In 1956 a number of Gough moorhens were reportedly released at Sandy Point, and have subsequently colonised the island. These "island cocks" are closely related to the extinct Tristan moorhen, and are believed by the Tristanians to eat the eggs of the Atlantic yellow-nosed albatross.

In June 2006 islanders were fishing offshore at Sandy Point when they spotted an oil platform washed ashore on the coast. The 6000-tonne platform PXXI had been lost in bad weather en route from Brazil to Singapore.

==The plantation==
The Sandy Point plantation consists mainly of introduced Monterey pines, a species of tree native to coastal California which is known for its versatile, fast-growing, medium-density softwood. The indigenous Island Cape Myrtle is also present, along with pussy willow, grey poplar and various Eucalyptus species. The impact of invasive trees on Tristan's ecology is potentially large, with the Monterey pine being notably successful in extending its range. There have been efforts to eradicate invasive loganberry from Sandy Point, where it formed a dense undergrowth in the plantation, making the area unsuitable for nesting albatrosses and Atlantic petrels.

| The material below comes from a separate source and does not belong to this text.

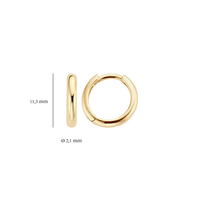 Deze perfect gepolijste geel gouden ooringen hebben een klassieke uitstraling. De oorbellen zijn te combineren met oorbedels waardoor ze eenvoudig zijn te transformeren van tijdloze, stijlvolle basic naar classics with a twist. De oorbellen hebben een breedte van 11,3 mm en een diameter van 2,1 mm.
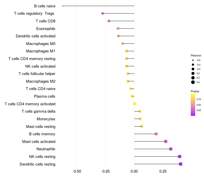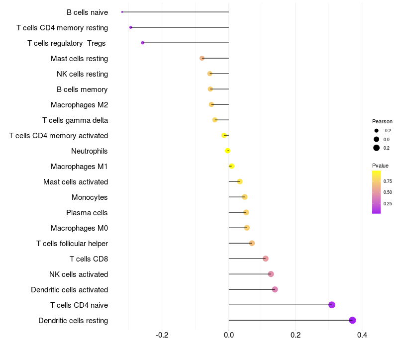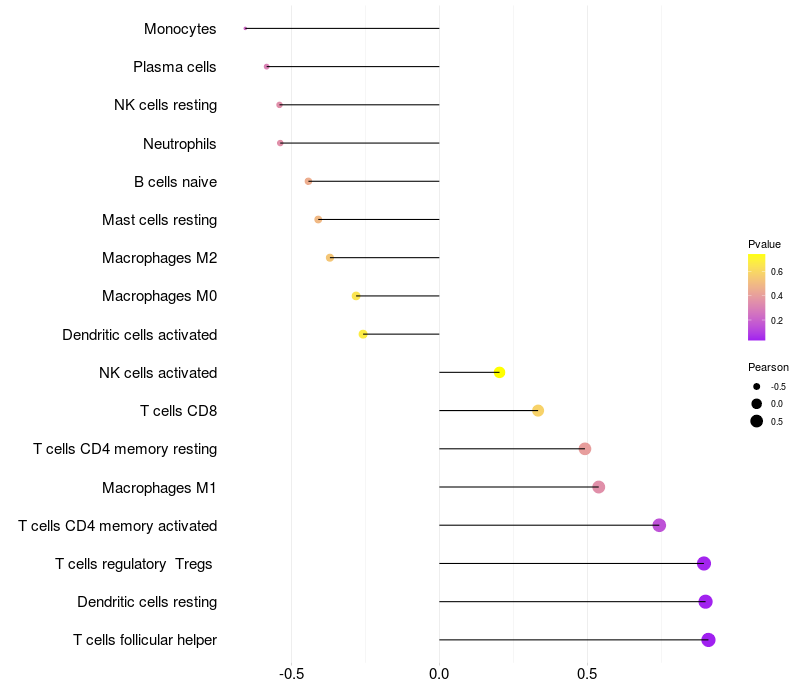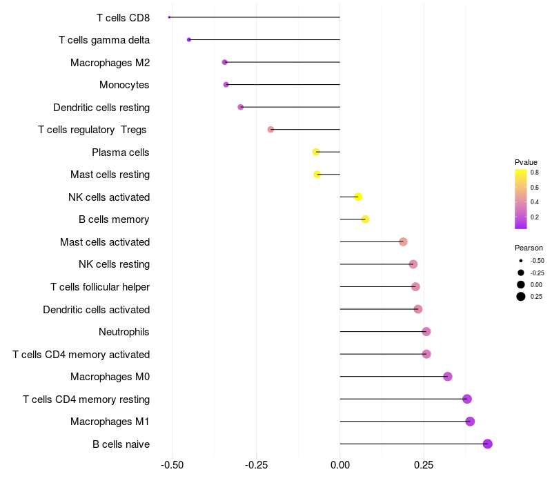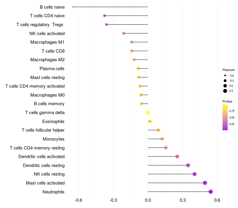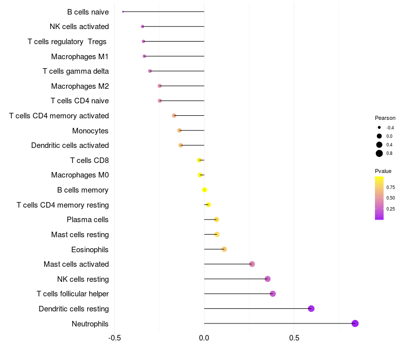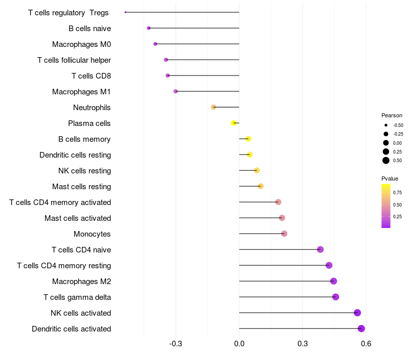 Lollipop of COPS5 expression and immune infiltrating cell level correlation result in HPV+ samples

The islanders do not make extensive use of the plantation, preferring to import wood more cheaply from South Africa. However, in the 1980s the Sandy Point Hut was rebuilt by the Agriculture Department, allowing forestry workers to be based there.

==The orchard==
The Tristanians traditionally held an annual "Happling Day" outing to collect fruit from the orchard. A sour cider known as Old Tom was made from the apples grown at Sandy Point. In more recent years, the once-productive orchard had been in decline, being overrun by loganberry and with many ageing trees dead or dying. In 2007 the Tristan Conservation Department restocked the area with 52 new apple trees of the Royal Gala and Golden Delicious varieties. Pear and peach trees were also imported from Cape Town as part of the restoration of the Sandy Point area.